From January 2023, insiders at the bank executed 47 equity derivative trades while possessing confidential financial information. Why start from January 2023? That’s when the bank’s FX derivatives book began to unravel—a fact known internally but not to auditors or the public.

At its core, this episode reveals a system that lets insiders profit from knowledge others don’t have. It’s institutionalised front-running. These were leveraged trades, made while holding non-public, market-moving information. Such behaviour isn’t just unethical—it corrodes shareholder trust and gives Indian markets the look of a rigged game.

SEBI defines “designated persons” as those whose roles provide access to unpublished price-sensitive information. Allowing such people to bet on their own bank’s securities is not only a conflict of interest—it is a betrayal of shareholder trust.

These employees exploited privileged knowledge to earn more than any regular shareholder could, violating basic principles of fairness and market transparency. Worse, they did so through derivatives—tools that multiply gains and losses. Disclosures do not neutralise this breach. In fact, they enable it—providing a veneer of legitimacy to what should be banned outright.

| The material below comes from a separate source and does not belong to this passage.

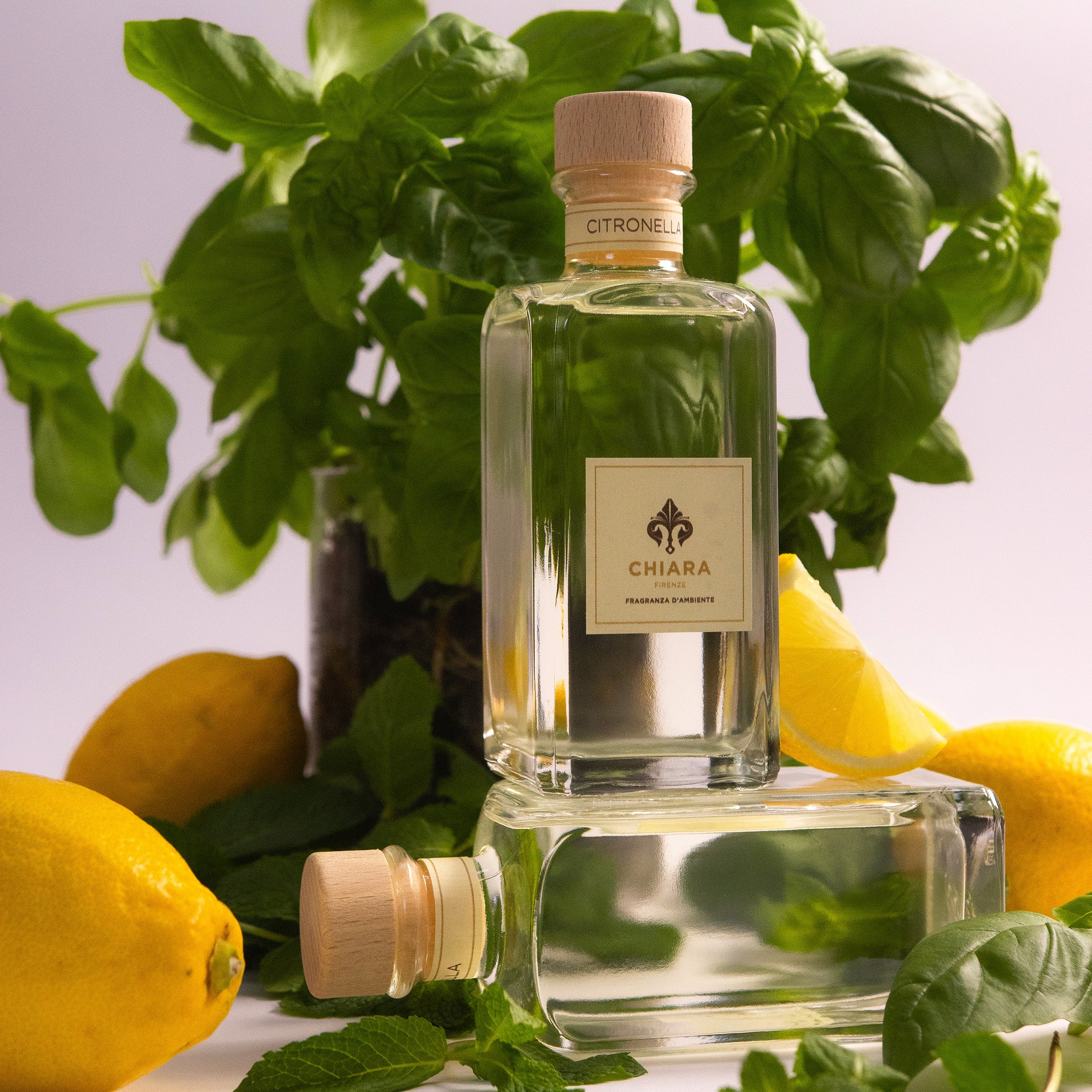 A light, fresh scent that leads the senses into the midst of greenery. Aromatic notes of Peppermint, Lemongrass, Basil and Vetiver for a pleasant and useful fragrance to make our summer more serene.

Banks occupy a unique role in the economy. They are custodians of public deposits and serve as channels for monetary policy and credit distribution. The RBI recognises this, which is why it applies strict “fit and proper” criteria for bank leadership, demanding integrity, competence, and ethical conduct.

The RBI’s framework is clear in spirit, even if not always in implementation. Trading derivatives based on insider information directly undermines the credibility of that framework. It breaks the covenant of trust between bankers, regulators, and the public.

Even IndusInd Bank’s own Code of Ethics prohibits trading on internal business developments and warns against personal interests conflicting with stakeholder obligations. That such trades were permitted despite this highlights both regulatory gaps and internal failings.

SEBI already bans insider trading, including in derivatives. Letting bank insiders trade even with disclosure not only violates this principle but also creates exploitable loopholes. This is not compliance—it’s gaming the system. It signals tolerance for behaviour that, in other countries, would invite swift penalties.

The systemic risk is not theoretical. Derivatives are leveraged bets. When misused inside a bank, they don’t just threaten trading desks—they endanger depositors, shareholders, and market stability. The world has seen this play out in rogue trader scandals that triggered massive losses and regulatory overhauls.

Globally, the rules are clear. In the US and the UK, insiders are strictly barred from speculative trading involving their own firms’ shares, especially through derivatives. These restrictions exist because even the appearance of conflict of interest can be corrosive.
India must follow suit. The RBI should explicitly prohibit bank employees with access to sensitive information from trading in derivatives tied to their own institutions—be it equity or debt. This would not be an overreach. This is RBI doing its job—restoring trust in a system now compromised.

Banks themselves must be barred from trading in their own securities, as this opens the door to manipulation. Enforcement should be strict, with penalties that include dismissal, financial sanctions, and criminal proceedings where warranted. A zero-tolerance policy is not an option—it is a necessity.

It is not enough to rely on disclosure regimes or codes of conduct. These have proven inadequate. What is needed is regulatory clarity and a willingness to act decisively.

The RBI cannot allow India's financial system to become a playground for insiders. The stakes are too high. Every instance of insider enrichment weakens the foundation of trust on which the financial system rests.

India’s aspirations to be a global financial hub rest on the credibility of its institutions. The time to act isn’t later—it’s now.